Iconic supermodel Beverly Johnson, who made history in 1974 as the first Black model to grace the cover of Vogue, has recently opened up about her struggles with cocaine addiction and extreme dieting during the height of her modeling career in the 1970s.
Years of Starvation and Drug Abuse Take Their Toll
In interviews and her new one-woman show “Beverly Johnson in Vogue,” the 71-year-old candidly discusses how she would use cocaine to suppress her appetite and stay thin, at times surviving on just two eggs per week in addition to a daily bowl of rice and regular cocaine use (Daily Mail). This extreme starvation diet and drug use led to a dangerous addiction that took Johnson years to overcome.
“I got hooked on drugs after living on a diet of cocaine and two eggs a week,” Johnson told Page Six. “It was the ’70s, and drugs were just part of the culture of the fashion industry. Everybody was doing cocaine to stay thin.”
According to Johnson, she was encouraged by her agents and other insiders to use cocaine and starve herself to maintain the extremely slender frame considered ideal for models during that era. “My agents told me to do whatever it takes to stay chiseled to the bone,” she told The Wonderwall. This led to a dangerous downward spiral of addiction and health issues that took her years to recover from.
Negative Health Impacts Prompt Eventual Change
In her one-woman show, Johnson details how her cocaine use resulted in paranoia, depression, fainting spells, and toxicity in her liver. “I would hear noises outside my door and was convinced people were after me to kill me,” she told The New York Sun. “I barely slept … I look back now and can’t believe what I put myself through and how I managed to survive it.”
|Becomes first Black model on cover of Vogue
|Develops cocaine addiction and engages in extreme dieting
|Begins recovery process and focuses on health
|“Beverly Johnson in Vogue” show debuts off-Broadway
The physical and emotional toll eventually prompted Johnson to begin her recovery process in the early 1980s. “I knew I had to turn my life around.

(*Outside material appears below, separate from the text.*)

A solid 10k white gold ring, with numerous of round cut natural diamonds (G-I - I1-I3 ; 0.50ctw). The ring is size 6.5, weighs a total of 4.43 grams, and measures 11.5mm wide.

With therapy, a 12-step program, and the support of family and friends, I beat my addiction,” she told Essence magazine.
Pioneering Model Brings Story to the Stage
After decades out of the spotlight, Johnson has returned with her revealing one-woman show “Beverly Johnson in Vogue,” which opened off-Broadway in late 2023. The show chronicles her groundbreaking career, while also providing an unflinching look at the ugliness that existed behind the glamorous facade. It was recently extended for an additional week at 59E59 Theaters due to strong audience demand.

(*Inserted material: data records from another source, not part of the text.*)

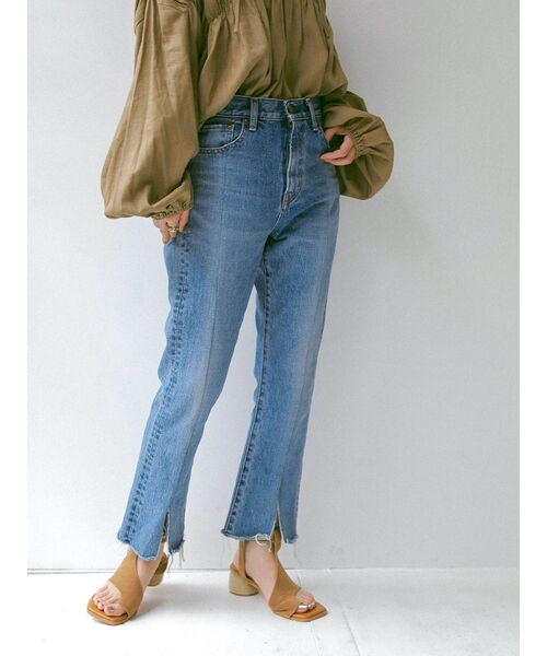 裾部分にスリットデザインを施したデザインデニム ◆デザイン 丈感は短めに設定しスリットから見える肌が抜け感を演出し夏にぴったりな1本です。 【スタイリング】 フリルデザインのブラウスと合わせてミックススタイリングがオススメ。 足元はラフなサンダルで抜け感を演出するとお洒落見えです。 ・・・・・・・・・・・・・・・・・・・・・・ 透け感:なし 裏地:なし 伸縮性:なし 光沢感:なし 生地の厚さ:普通 ・・・・・・・・・・・・・・・・・・・・・・
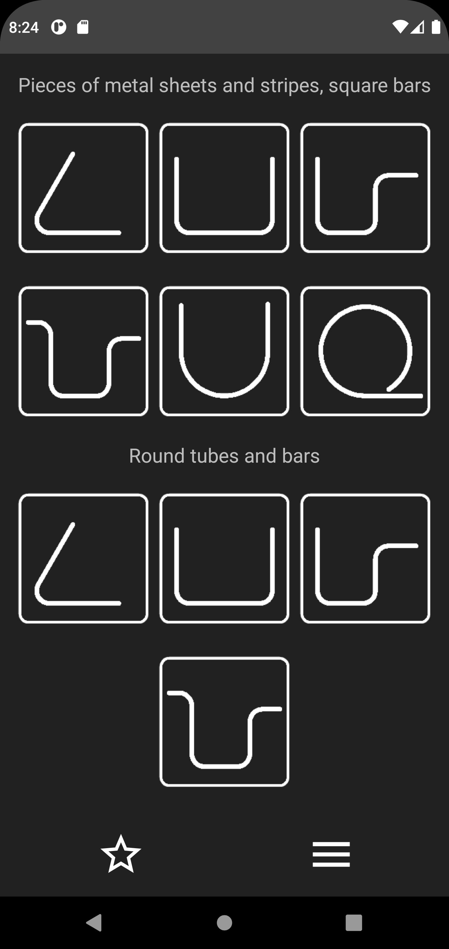 "Metal Bending Calculator" allows to calculate the length of a work piece for bending of metal sheets or stripes, round or square bars and round tubes.
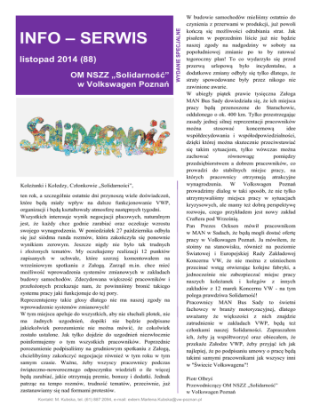 0 listopad 2014 (88) OM NSZZ „Solidarność” w Volkswagen Poznań Koleżanki i Koledzy, Członkowie „Solidarności”, ten rok, a szczególnie ostatnie dni przynoszą wiele doświadczeń, które będą miały wpływ na dalsze funkcjonowanie VWP, organizacji i będą kształtowały atmosferę następnych tygodni. Wszystkich interesuje wynik negocjacji płacowych, naturalnym jest, że każdy chce godnie zarabiać oraz oczekuje wzrostu swojego wynagrodzenia. W poniedziałek 27 października odbyła się już siódma runda rozmów, która zakończyła się ponownie wynikiem zerowym. Jeszcze nigdy nie było tak trudnych i złożonych tematów. My oczekujemy realizacji 12 punktów zapisanych w uchwale, które szerzej komentowałem na wrześniowym spotkaniu z Załogą. Zarząd m.in. chce mieć możliwość wprowadzenia systemów zmianowych w zakładach budowy samochodów. Zdecydowana większość pracowników i przełożonych przekazuje nam, że powinniśmy bronić takiego systemu pracy jaki funkcjonuje do tej pory. Reprezentujemy takie głosy dlatego nie ma naszej zgody na wprowadzenie systemów zmianowych! W tym miejscu apeluje do wszystkich, aby nie słuchali plotek, nie ma żadnych uzgodnień, dopóki nie będzie podpisane jakiekolwiek porozumienie nie można mówić, że cokolwiek zostało ustalone. Jak tylko dojdzie do uzgodnień niezwłocznie poinformujemy o tym wszystkich pracowników. Poprzednie porozumienie podpisaliśmy na grudniowym spotkaniu z Załogą, chcielibyśmy zakończyć negocjacje również w tym roku w tym samym czasie. Ważne, żeby wszyscy pracownicy podczas świąteczno-noworocznego odpoczynku wiedzieli o ile więcej będą zarabiać, jakie otrzymają premie, bonusy i dodatki. Jednak patrząc na tempo rozmów, trudność tematów, przeciwnie, już zastanawiamy się nad formami protestów. WYDANIE SPECJALNE INFO – SERWIS W budowie samochodów mieliśmy ostatnio do czynienia z przerwami w produkcji, już powoli kończą się możliwości odrabiania strat. Jak pisałem w poprzednim liście już nie będzie naszej zgody na nadgodziny w soboty na popołudniowej zmianie po to by ratować tegoroczny plan! To co wydarzyło się przed przerwą urlopową było incydentalne, a dodatkowe zmiany odbyły się tylko dlatego, że straty spowodowane były przez nikogo nie zawinione awarie. W ubiegły piątek prawie tysięczna Załoga MAN Bus Sady dowiedziała się, że ich miejsca pracy będą przenoszone do Starachowic, oddalonego o ok. 400 km. Tylko przestrzegając zasady jednej silnej reprezentacji pracowników można stosować koncernową idee współdecydowania i współodpowiedzialności, dzięki której można skutecznie przeciwstawiać się takim sytuacjom, tylko wówczas można zachować równowagę pomiędzy przedsiębiorstwem a dobrem pracowników, co prowadzi do stabilnych miejsc pracy, na których pracownicy otrzymują atrakcyjne wynagrodzenia. W Volkswagen Poznań prowadzimy dialog w taki sposób, że nie tylko utrzymywaliśmy miejsca pracy w sytuacjach kryzysowych, ale mamy też dobrą perspektywę rozwoju, czego przykładem jest nowy zakład Craftera pod Wrześnią. Pan Prezes Ocksen mówił pracownikom w MAN w Sadach, że będą mogli dostać ofertę pracy w Volkswagen Poznań. Ja mówiłem, że stoimy na stanowisku, również na poziomie Światowej i Europejskiej Rady Zakładowej Koncernu VW, że nie można z uśmiechem przecinać wstęg otwierając kolejne fabryki, a jednocześnie nie zabezpieczać miejsc pracy naszych koleżanek i kolegów z innych zakładów z 12 marek Koncernu VW - na tym polega prawdziwa Solidarność! Pracownicy MAN Bus Sady to świetni fachowcy w branży motoryzacyjnej, dlatego uważamy że większości z nich znajdzie zatrudnienie w zakładach VWP, będą też członkami naszej Solidarności. Zapraszałem ich, żeby ją współtworzyć oraz obiecałem, że przekaże Załodze VWP, żeby przyjąć ich jak najlepiej, że po podpisaniu umowy o pracę będą takimi samymi pracownikami jak wszyscy inni w "Świecie Volkswagena"! Piotr Olbryś Przewodniczący OM NSZZ „Solidarność” w Volkswagen Poznań Kontakt: M. Kubska, tel. (61) 887 2094, e-mail: [email protected]
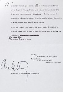 supplémentaires ; il porte à la fin une belle et grande signature d'Arletty. Texte d'hommage à Jacques Prévert (mort en avril 1977), très vraisemblablement composé par Paul Chambrillon, à partir de deux ouvrages qu'il cite (Arletty, La Défense ; Marcel Carné, La vie à belles dents). Le texte a sans doute été publié dans Le Spectacle du monde, sous le nom d'Arletty. Il y est surtout question des œuvres de Prévert portées à l'écran, dont celles dans lesquelles Arletty a joué un rôle. Au passage Les auteurs n'ont pas hésiter à citer l'opinion de Céline sur Prévert : " Un de mes amis, Céline, […] avait conscience de sa valeur de poète, et disait plutôt en quelque sorte : Comment ? Mais ce n'est pas possible qu'un imbécile pareil ait les mêmes idées que moi ! ".

“I feel it’s important for people to know the truth about what went on during my modeling days. As a young Black girl breaking barriers, nobody prepared me for the dark side of the industry,” Johnson told CBS News. “By opening up about my struggles, I hope I can inspire other women dealing with similar pressures.”
Legacy as Barrier-Breaking Model Endures
Despite the difficulties she faced, Johnson leaves behind a groundbreaking legacy as the first-ever African American model to appear on the cover of Vogue in 1974. Her appearance marked a pivotal turning point for diversity and inclusion in fashion.
When asked about being a trailblazer by CBS Mornings, the age-defying beauty said: “It’s wonderful when I travel across the country and women come up to me — especially Black women — and they thank me for kicking that door open. I opened the door so wide for everybody else.”
Decades later, Johnson’s historic Vogue cover is considered one of the most iconic images in fashion history. The pioneering model paved the way for women of color and forced the industry to become more inclusive. Though her story has its share of darkness, her resilience and refusal to be defeated ultimately shine through.
At 71, Johnson remains an inspiration to women everywhere – a beautiful reminder that strength comes through overcoming life’s inevitable challenges. Her willingness to open up about past difficulties shows her commitment to empowering other women facing similar struggles. Though the ugliness existed, the beauty of what she achieved remains.